START RECORDS TO PROCESS

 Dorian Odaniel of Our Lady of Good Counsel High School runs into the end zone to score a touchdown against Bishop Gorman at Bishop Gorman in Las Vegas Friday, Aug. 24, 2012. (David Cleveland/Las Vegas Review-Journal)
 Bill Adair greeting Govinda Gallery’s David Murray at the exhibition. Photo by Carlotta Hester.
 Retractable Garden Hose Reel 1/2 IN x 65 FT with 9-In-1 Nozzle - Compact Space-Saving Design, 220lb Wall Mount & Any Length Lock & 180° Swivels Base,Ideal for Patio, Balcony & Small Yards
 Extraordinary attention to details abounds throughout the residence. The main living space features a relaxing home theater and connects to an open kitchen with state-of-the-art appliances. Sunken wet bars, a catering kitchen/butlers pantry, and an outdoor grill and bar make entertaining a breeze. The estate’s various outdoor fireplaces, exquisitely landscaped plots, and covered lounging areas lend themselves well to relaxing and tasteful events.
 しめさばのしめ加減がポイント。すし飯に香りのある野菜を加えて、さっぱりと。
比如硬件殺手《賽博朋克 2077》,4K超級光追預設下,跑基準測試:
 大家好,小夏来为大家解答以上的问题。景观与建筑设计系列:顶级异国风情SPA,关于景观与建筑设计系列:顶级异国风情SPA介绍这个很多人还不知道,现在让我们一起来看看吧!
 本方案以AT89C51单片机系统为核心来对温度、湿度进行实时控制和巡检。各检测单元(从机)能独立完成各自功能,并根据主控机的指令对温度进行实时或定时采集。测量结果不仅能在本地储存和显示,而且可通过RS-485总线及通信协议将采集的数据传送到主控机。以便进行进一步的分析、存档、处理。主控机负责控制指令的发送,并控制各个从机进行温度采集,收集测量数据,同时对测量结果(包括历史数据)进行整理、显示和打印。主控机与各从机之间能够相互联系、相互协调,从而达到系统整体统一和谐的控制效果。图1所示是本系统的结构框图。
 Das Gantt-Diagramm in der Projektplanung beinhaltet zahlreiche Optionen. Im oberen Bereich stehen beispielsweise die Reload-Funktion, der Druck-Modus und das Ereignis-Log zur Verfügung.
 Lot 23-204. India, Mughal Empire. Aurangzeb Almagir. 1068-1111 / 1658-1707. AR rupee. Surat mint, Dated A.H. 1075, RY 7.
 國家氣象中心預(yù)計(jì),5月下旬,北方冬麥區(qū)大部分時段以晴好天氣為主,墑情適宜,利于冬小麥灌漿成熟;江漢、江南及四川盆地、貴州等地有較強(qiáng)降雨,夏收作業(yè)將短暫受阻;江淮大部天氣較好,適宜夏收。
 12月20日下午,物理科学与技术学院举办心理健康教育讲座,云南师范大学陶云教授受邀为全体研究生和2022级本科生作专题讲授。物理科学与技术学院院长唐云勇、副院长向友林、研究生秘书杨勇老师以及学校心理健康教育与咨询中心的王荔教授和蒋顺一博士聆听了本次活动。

END RECORDS TO PROCESS
START RECORDS TO PROCESS

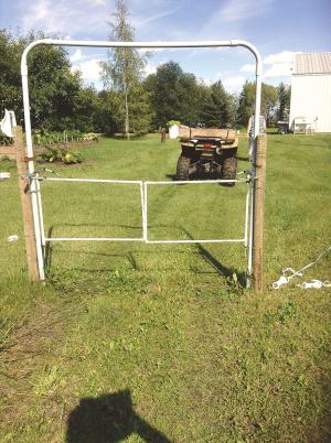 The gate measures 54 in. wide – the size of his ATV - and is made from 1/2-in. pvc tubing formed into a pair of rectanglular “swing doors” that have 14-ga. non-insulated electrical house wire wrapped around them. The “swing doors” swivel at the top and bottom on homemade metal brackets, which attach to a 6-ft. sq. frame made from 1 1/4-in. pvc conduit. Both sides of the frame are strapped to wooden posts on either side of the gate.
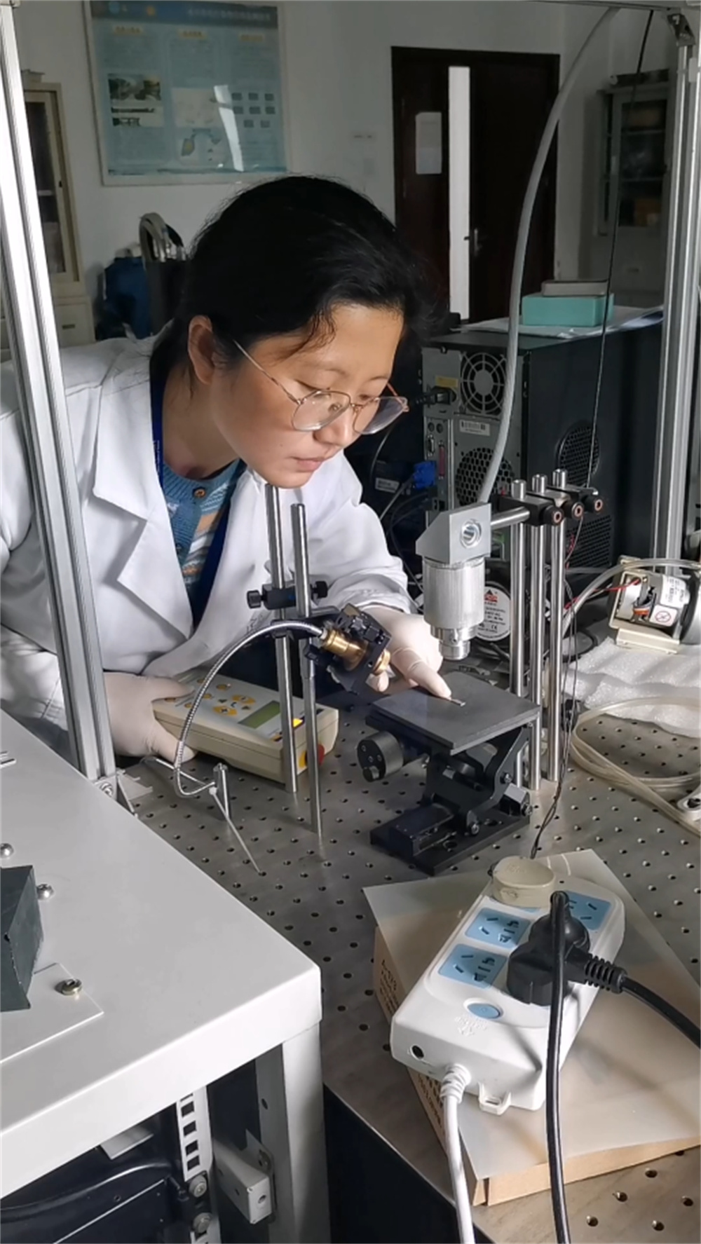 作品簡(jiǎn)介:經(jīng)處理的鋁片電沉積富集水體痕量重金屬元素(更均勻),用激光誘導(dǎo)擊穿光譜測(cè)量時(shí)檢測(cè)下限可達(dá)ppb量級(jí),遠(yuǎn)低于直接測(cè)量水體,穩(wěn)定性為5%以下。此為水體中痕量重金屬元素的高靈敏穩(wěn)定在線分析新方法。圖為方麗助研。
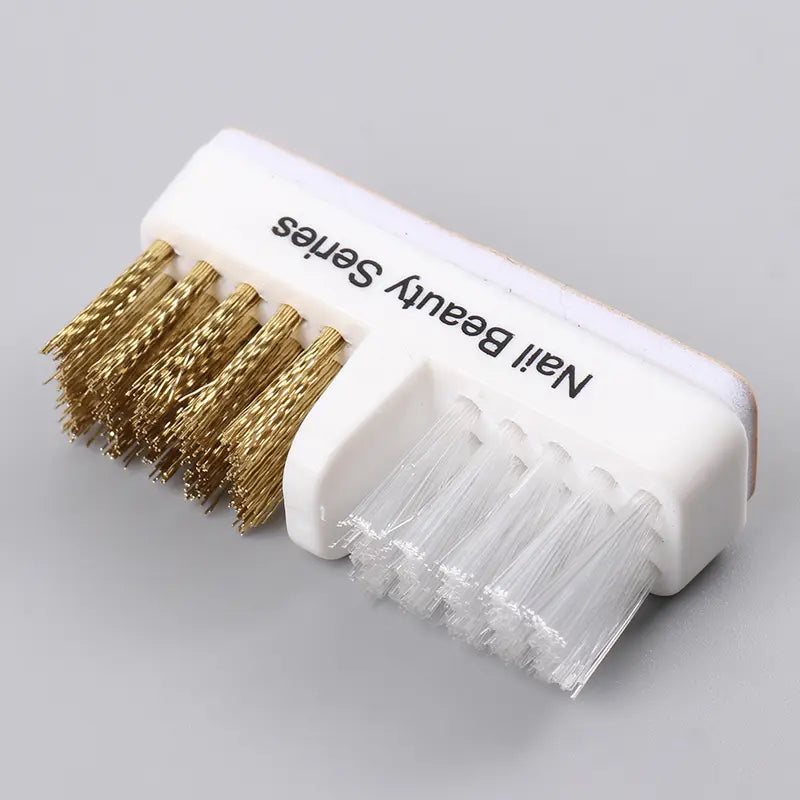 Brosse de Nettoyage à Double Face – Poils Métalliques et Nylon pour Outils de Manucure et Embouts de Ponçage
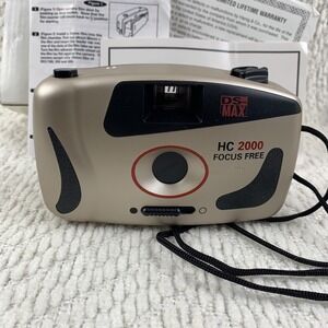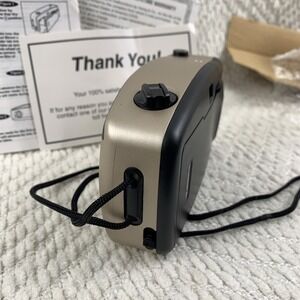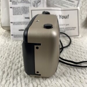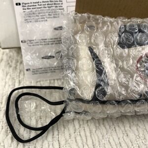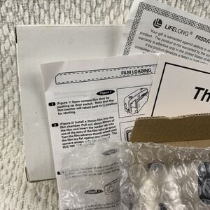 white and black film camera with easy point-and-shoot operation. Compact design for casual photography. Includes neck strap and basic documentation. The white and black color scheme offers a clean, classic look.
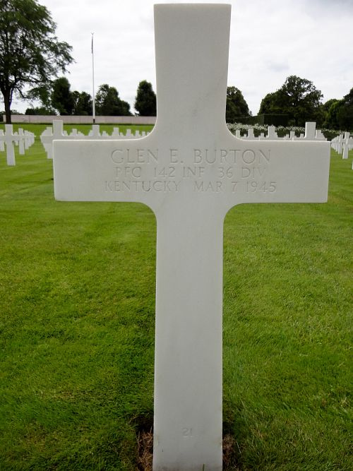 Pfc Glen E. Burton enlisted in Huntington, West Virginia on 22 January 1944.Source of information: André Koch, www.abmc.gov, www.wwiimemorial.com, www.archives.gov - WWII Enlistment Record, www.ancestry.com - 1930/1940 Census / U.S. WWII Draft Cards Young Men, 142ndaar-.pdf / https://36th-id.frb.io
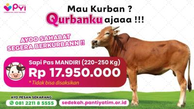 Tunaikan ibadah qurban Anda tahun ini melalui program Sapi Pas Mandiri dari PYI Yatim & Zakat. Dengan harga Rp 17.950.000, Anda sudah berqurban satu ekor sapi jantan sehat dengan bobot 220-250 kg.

END RECORDS TO PROCESS
START RECORDS TO PROCESS

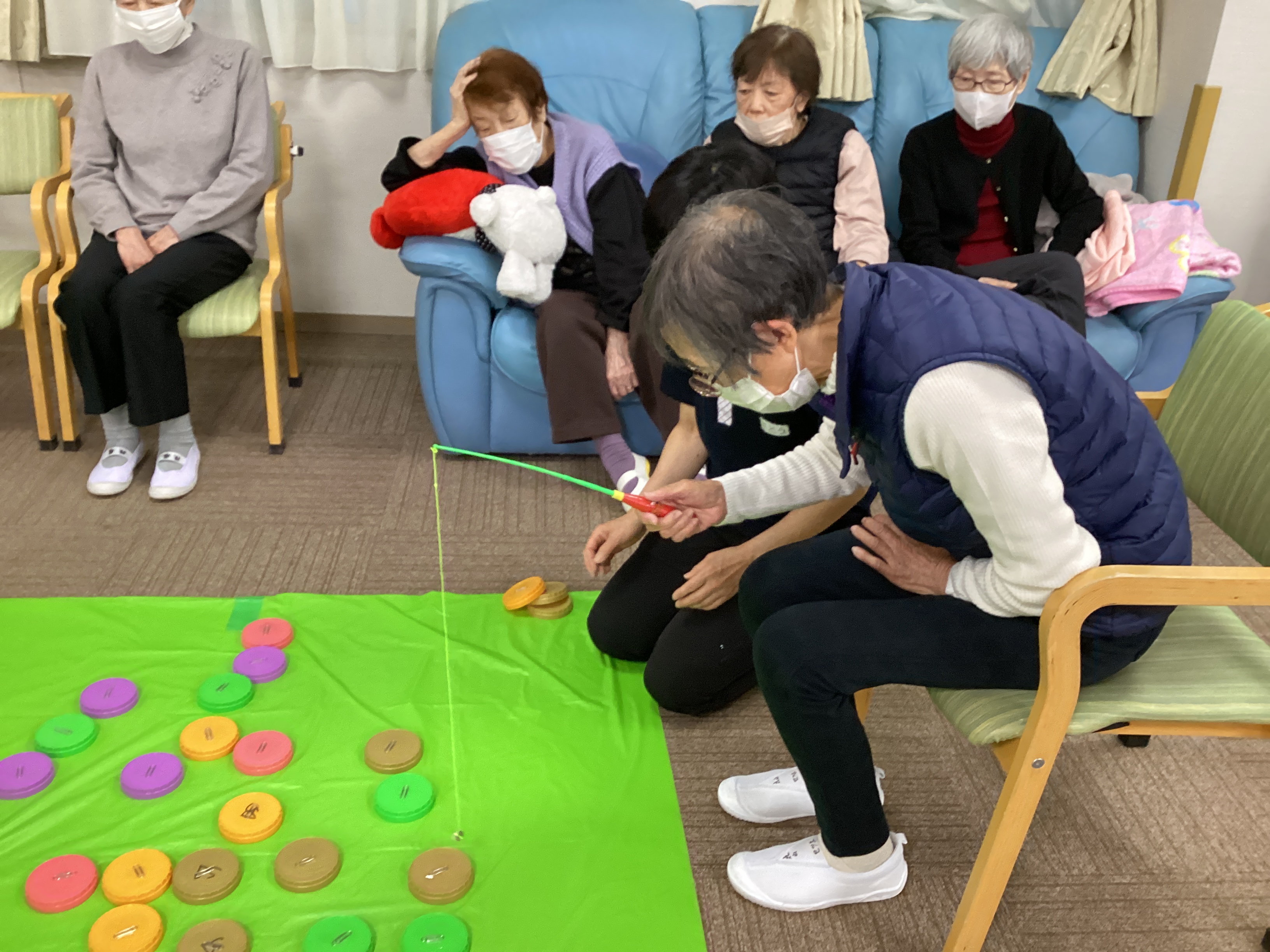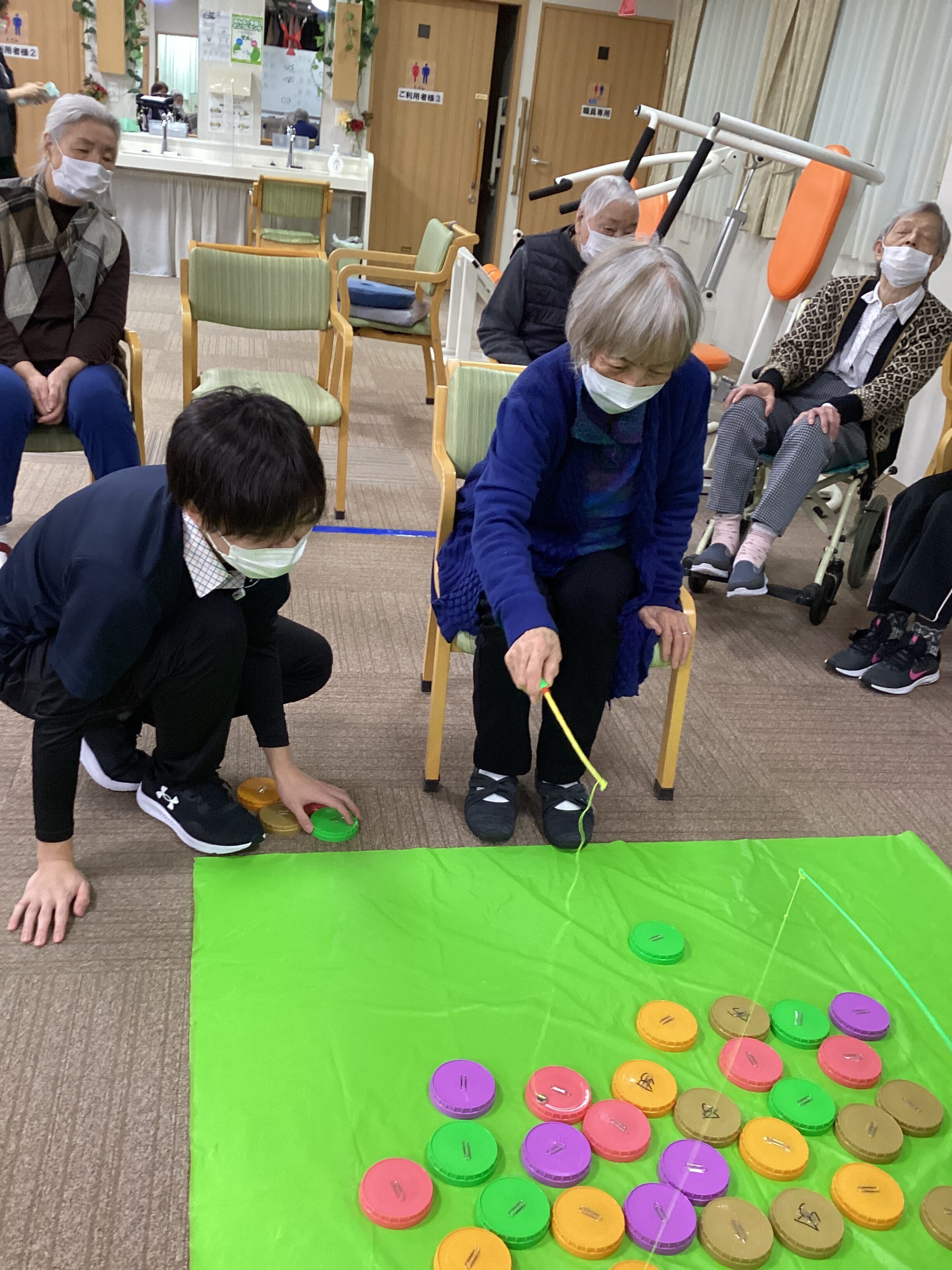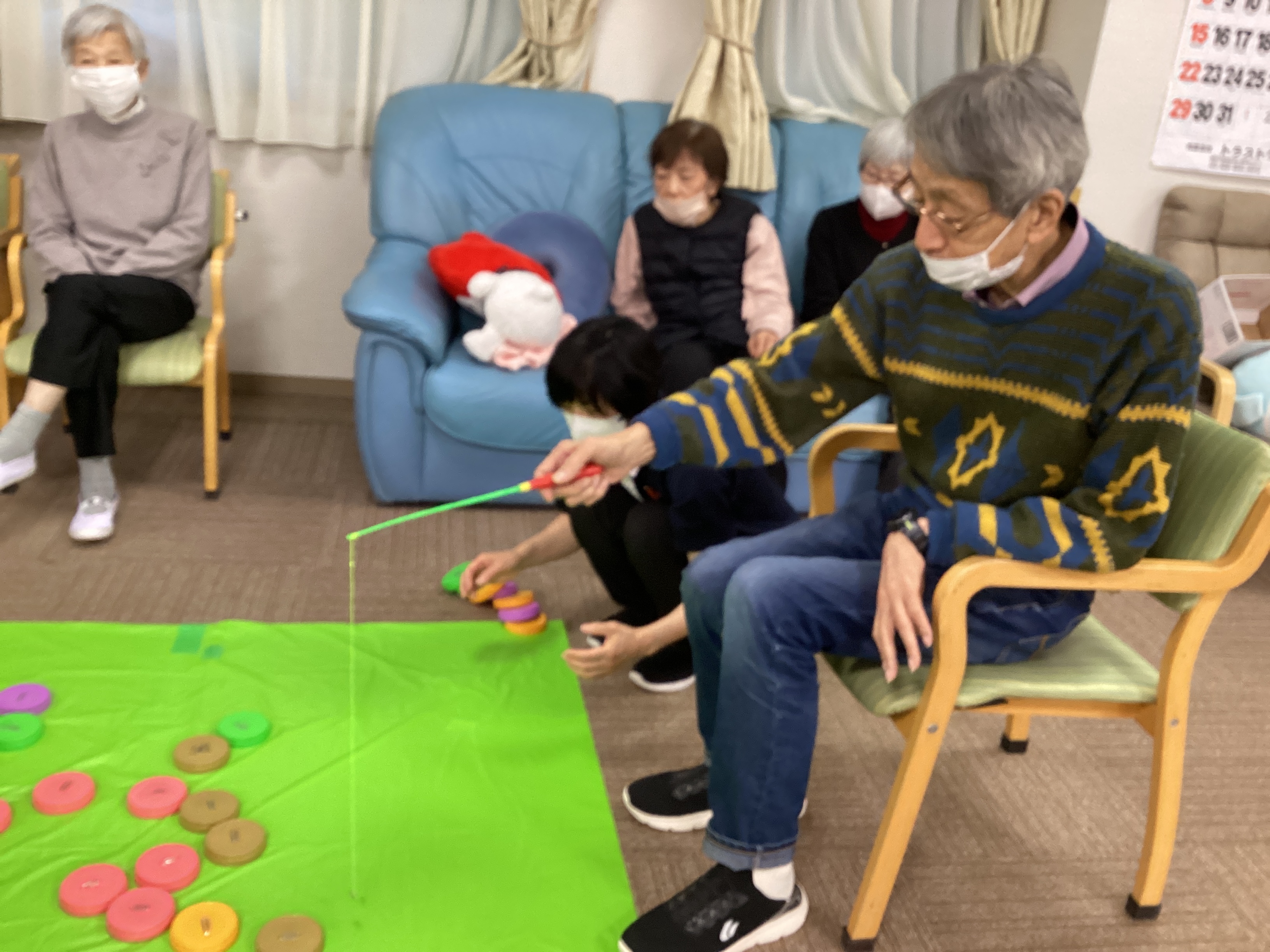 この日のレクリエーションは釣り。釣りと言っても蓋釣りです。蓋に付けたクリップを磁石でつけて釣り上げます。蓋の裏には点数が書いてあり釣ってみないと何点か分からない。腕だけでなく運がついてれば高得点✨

END RECORDS TO PROCESS

**ASSIGNMENT:** For this exercise, repeat exactly the lines of the data above from the one with "しめさばのしめ加減がポイント。すし飯に香りのある野菜を加えて、さっぱりと。" down to the one with "本方案以AT89C51单片机", both end lines included.

**RESPONSE AREA:**
 しめさばのしめ加減がポイント。すし飯に香りのある野菜を加えて、さっぱりと。
比如硬件殺手《賽博朋克 2077》,4K超級光追預設下,跑基準測試:
 大家好,小夏来为大家解答以上的问题。景观与建筑设计系列:顶级异国风情SPA,关于景观与建筑设计系列:顶级异国风情SPA介绍这个很多人还不知道,现在让我们一起来看看吧!
 本方案以AT89C51单片机系统为核心来对温度、湿度进行实时控制和巡检。各检测单元(从机)能独立完成各自功能,并根据主控机的指令对温度进行实时或定时采集。测量结果不仅能在本地储存和显示,而且可通过RS-485总线及通信协议将采集的数据传送到主控机。以便进行进一步的分析、存档、处理。主控机负责控制指令的发送,并控制各个从机进行温度采集,收集测量数据,同时对测量结果(包括历史数据)进行整理、显示和打印。主控机与各从机之间能够相互联系、相互协调,从而达到系统整体统一和谐的控制效果。图1所示是本系统的结构框图。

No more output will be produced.